My first wedding was a big one which involved lots of planning and focused on others’ expectations. Because I was 23 years old and a people pleaser at the time, I worried too much about what others expected from my wedding day. As a result, I felt let down afterward because I was too busy to enjoy the day that I’d worked so hard to organize.
I’m certain it’s because my first marriage ended in a messy divorce that I took control of the second one and was determined to make it a relaxed, meaningful, and low-stress event. I also had two pre-teens and was conscious that the day I proclaimed my love publically for someone other than their dad wasn’t going to be especially enjoyable for either one of them.
Fortunately, my second wedding turned out exactly as my husband and I wanted: a small, joyful, and intimate gathering of close friends and family. Because I spent time preparing my children for the event, they were polite and accepted their stepdad (at least somewhat) as part of our new family. Of course, this is an ongoing process in all blended families, but we did get off to a pretty good start.
In fact, many second and third marriages are characterized by being uncomplicated, intimate, and small gatherings like mine was. For instance, a friend of mine only invited her three children, a few close friends, and immediate family. Since her fiancé’s family was small and lived in England, it turned out to be an intimate and relaxed event.
So make sure to take control of your second wedding and make it work for you, your kids, and your fiancé!
Here are 10 wedding tips to keep in mind for your second wedding day:
- Invite who you want and don’t succumb to others expectations.

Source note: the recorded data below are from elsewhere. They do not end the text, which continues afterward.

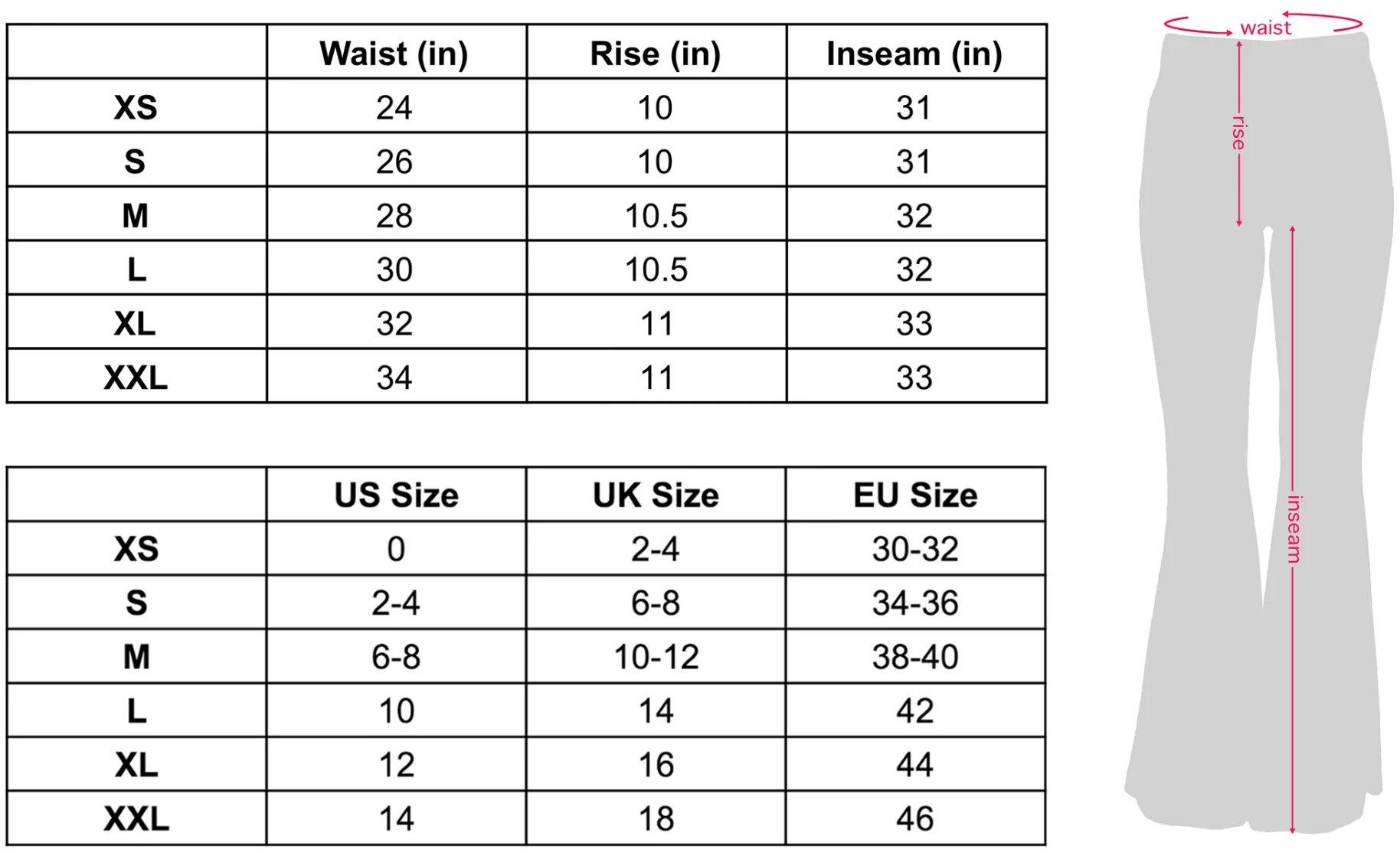 High waisted with a dramatic flare, they are gorgeously flattering and slimming on many body types. Stretch knit material make them super comfortable and versatile.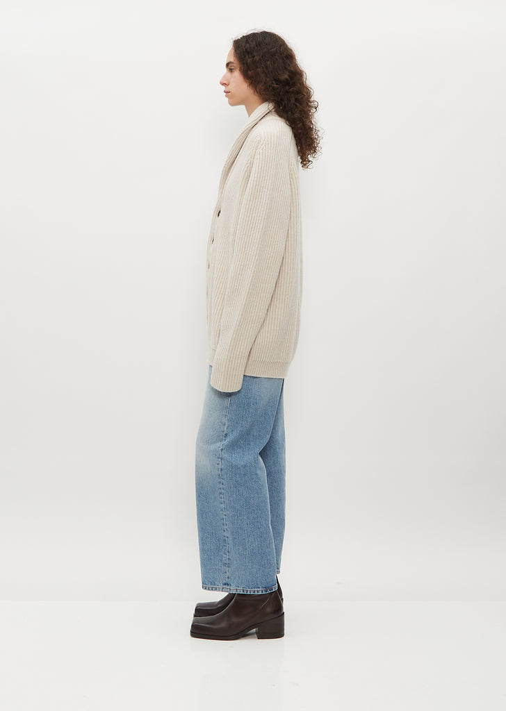 Brand Signature Piece — Begg x Co oat melange unisex cardigan with a classic fisherman-style knitted in mid-gauge with mid-weight cashmere. Straight silhouette with a relaxed fit.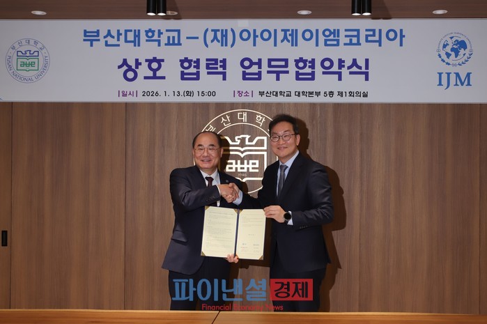 [파이낸셜경제=박영진 기자] 부산대학교(총장 최재원)와 국제 NGO IJM Korea(International Justice Mission Korea, 대표 민준호)가 부산대 학생들의 안전한 글로벌 활동 지원과 국제 범죄 예방을 위한 업무협약(MOU)을 체결했다. 13일 부산대학교에서 열린 협약식에는 부산대 최재원 총장, IJM Korea 민준호 대표 등 양 기관 주요 관계자들이 참석했다.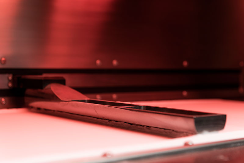 Die innovativen und energiesparenden Infrarotheizstrahler erwärmen in kürzester Zeit die Pulverbettoberfläche auf bis zu 250°C. Das System wird über eine Präzisions- Temperaturregelung gesteuert, was reproduzierbare Bauteileigenschaften für das gesamte Bauvolumen ermöglicht.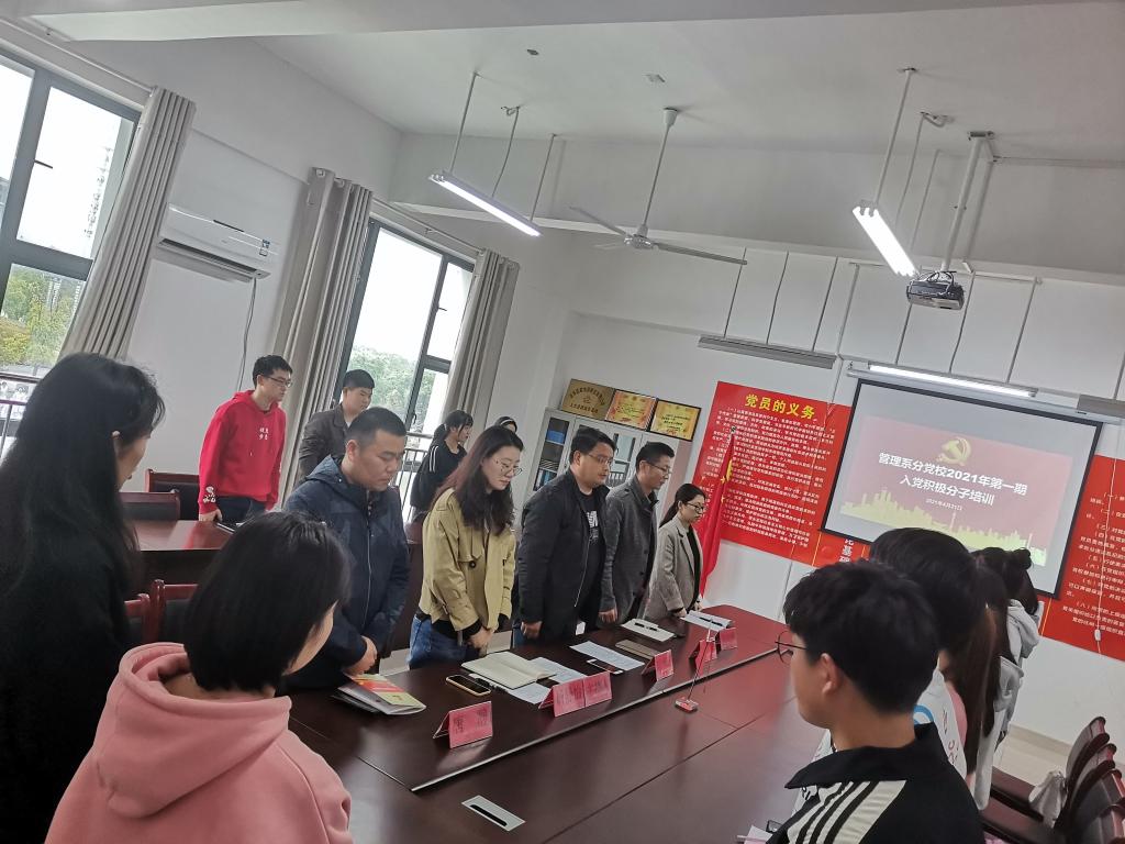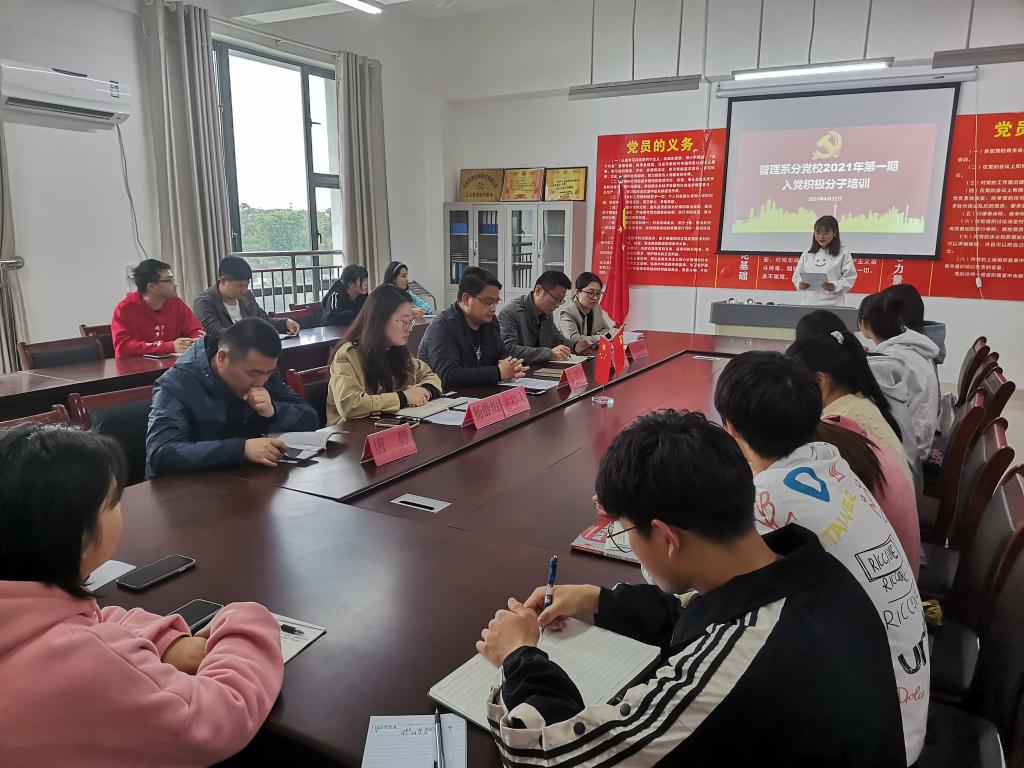 4月21日下午,管理系分党校于系党员活动室举行管理系2021年第一期入党积极分子培训开班仪式暨培训第一讲,管理系党总支支委委员、第一期培训学员参加,会议由系党总支青年委员杨静怡主持。

You’ve probably already gone that route, so this time, only invite essential people who make you feel special. Others – including family members and friends – will probably understand. If not, most will get over it in time. But if you desire a big wedding, go for it!
- Communicate clearly with your soon-to-be spouse. If your fiancé and you don’t agree, now is the time to practice compromising. For instance, if he or she prefers 100 guests and you’d like 50, try to compromise on a guest list of 75 – realizing that not all invited guests will attend anyway.
- Select clothing that feels right for you. This could be anything from a traditional, full-length gown, to a shorter dress in a non-traditional fabric or color. Pantsuits or casual attire are fine too. Remember it’s your day!
- Choose a location that works for you. It could be a park, church, home, or anywhere that keeps you in your comfort zone. Selecting a non-traditional location can also keep the cost down, which is a key aspect of moving forward to a positive lifestyle in your second marriage.
- Register or not. You probably already have most of the kitchenware and household items you need, and maybe even duplicates of some things. Yet many of your friends may want to do something special, so a great option is a charity registry or letting them decide on cash or a personalized gift.
- If you have kids, involve them in the planning. Most kids won’t want to be too involved but asking them for feedback can help them to feel more invested. For instance, my daughter picked out carrot cake for our wedding – hands down her favorite.
- Prepare your children. Expect storms and make a commitment to work through issues that arise. Asking you kids if they have questions and assuring them that your love for them is unwavering will help to ease the transition to having a new stepparent. Try not to make too many changes in their living space and avoid moving around your wedding time – if you want to enlist their cooperation. After all, most kids thrive on predictability rather than too many changes at once.
- Keep the cost within reasonable limits. Starting out a second marriage with debt from a wedding can add stress and make your transition more difficult for all family members.
- Don’t let past memories spoil your day. It’s OK to acknowledge that your first wedding, or even marriage, was full of stress or conflict, but don’t let negative memories impact your expectations of your second wedding. We all deserve a fresh start any time we choose.
- Relax and have fun. Remember this is your day and it’s only one day in a lifetime of great celebrations. So try to breathe and enjoy your friends and family. Hopefully, your second wedding will be a day filled with joy and laughter.
In sum, if you view relationships as teachers and approach your second wedding with optimism, you’ll be in a good position to plan a relaxed, fun day, which doesn’t resemble your first wedding.
Let’s end on the wise words of Martha Vanceburg: “Be gentle and generous with yourself.”